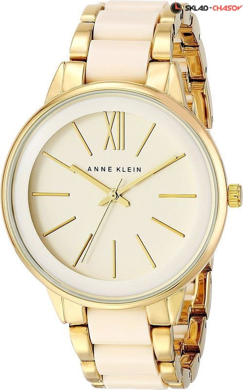 Стильные женские часы Anne Klein в круглом корпусе. Пластиковый безель. Браслет с пластиковыми вставками. Гарантия 2 года.
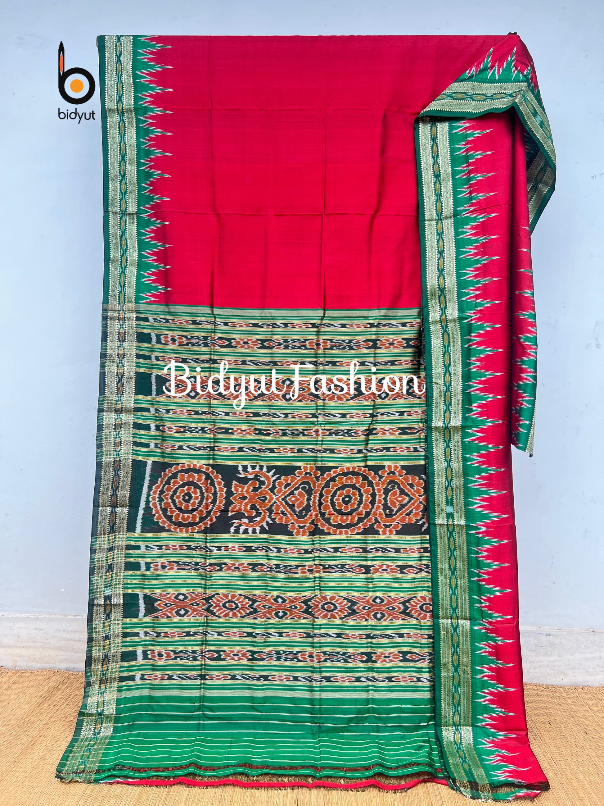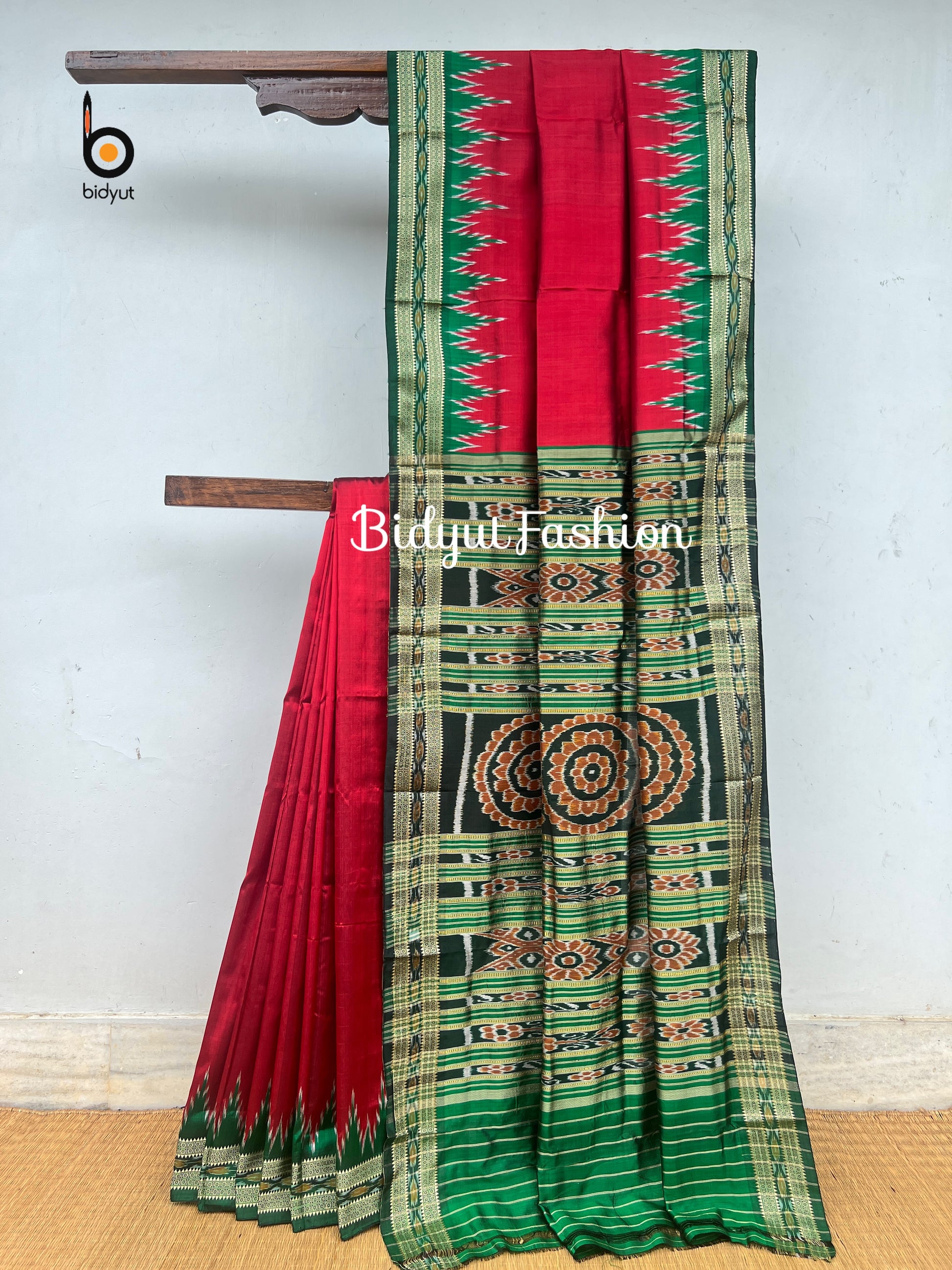 Handlooms of Odisha Nuapatna Khandua Silk Saree Red color
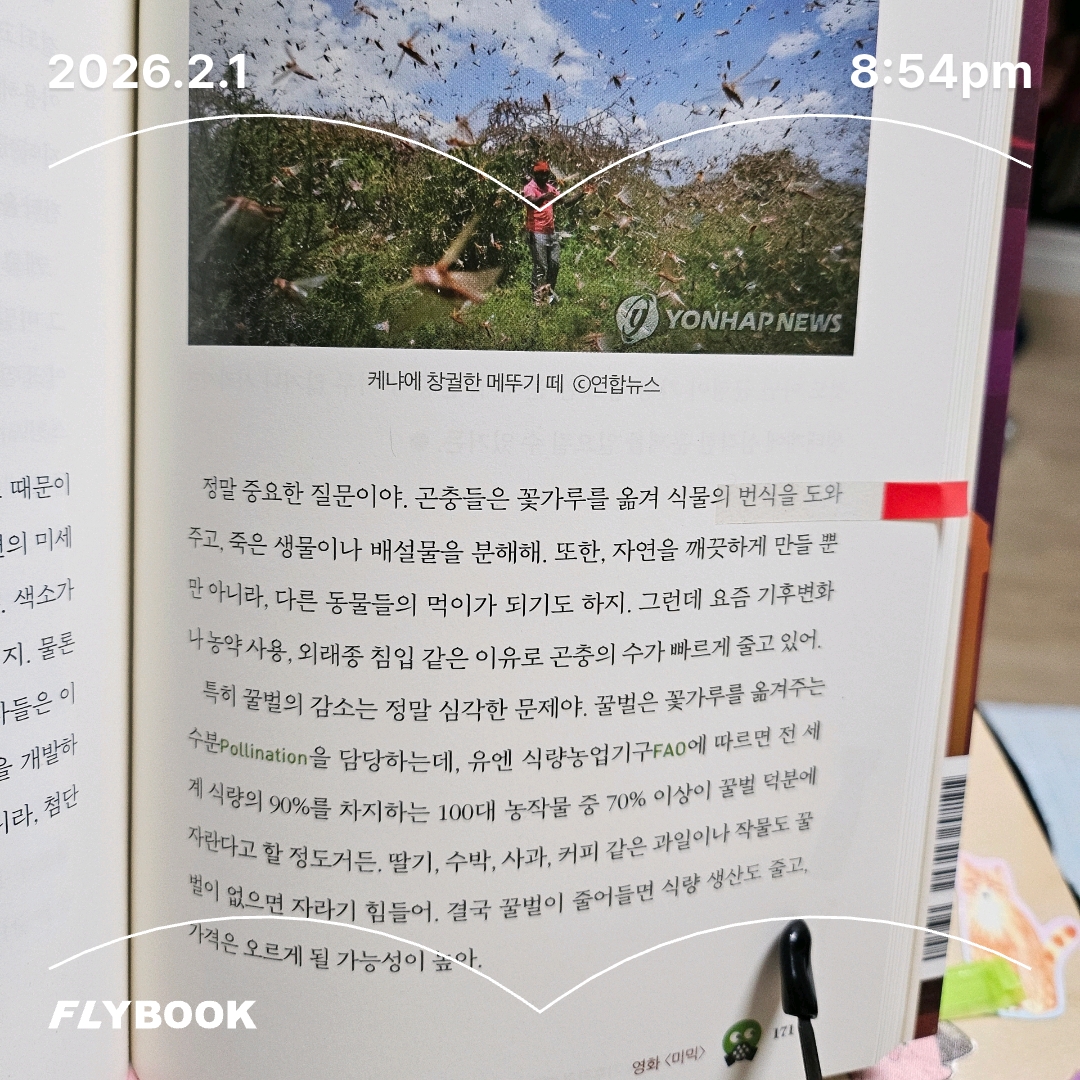 곤충들은 꽃가루를 옮겨 식물의 번식을 도와 주고, 죽은 생물이나 배설물을 분해해. 또한, 자연을 깨끗하게 만들 뿐만 아니라, 다른 동물들의 먹이가 되기도 하지. 그런데 요즘 기후변화나 농약 사용, 외래종 침입 같은 이유로 곤충의 수가 빠르게 줄고 있어.

_PROBLEM_: Set the material above down again word for word. Include none of its pictures.

_EXPECTED ANSWER_:
 Стильные женские часы Anne Klein в круглом корпусе. Пластиковый безель. Браслет с пластиковыми вставками. Гарантия 2 года.
 Handlooms of Odisha Nuapatna Khandua Silk Saree Red color
 곤충들은 꽃가루를 옮겨 식물의 번식을 도와 주고, 죽은 생물이나 배설물을 분해해. 또한, 자연을 깨끗하게 만들 뿐만 아니라, 다른 동물들의 먹이가 되기도 하지. 그런데 요즘 기후변화나 농약 사용, 외래종 침입 같은 이유로 곤충의 수가 빠르게 줄고 있어.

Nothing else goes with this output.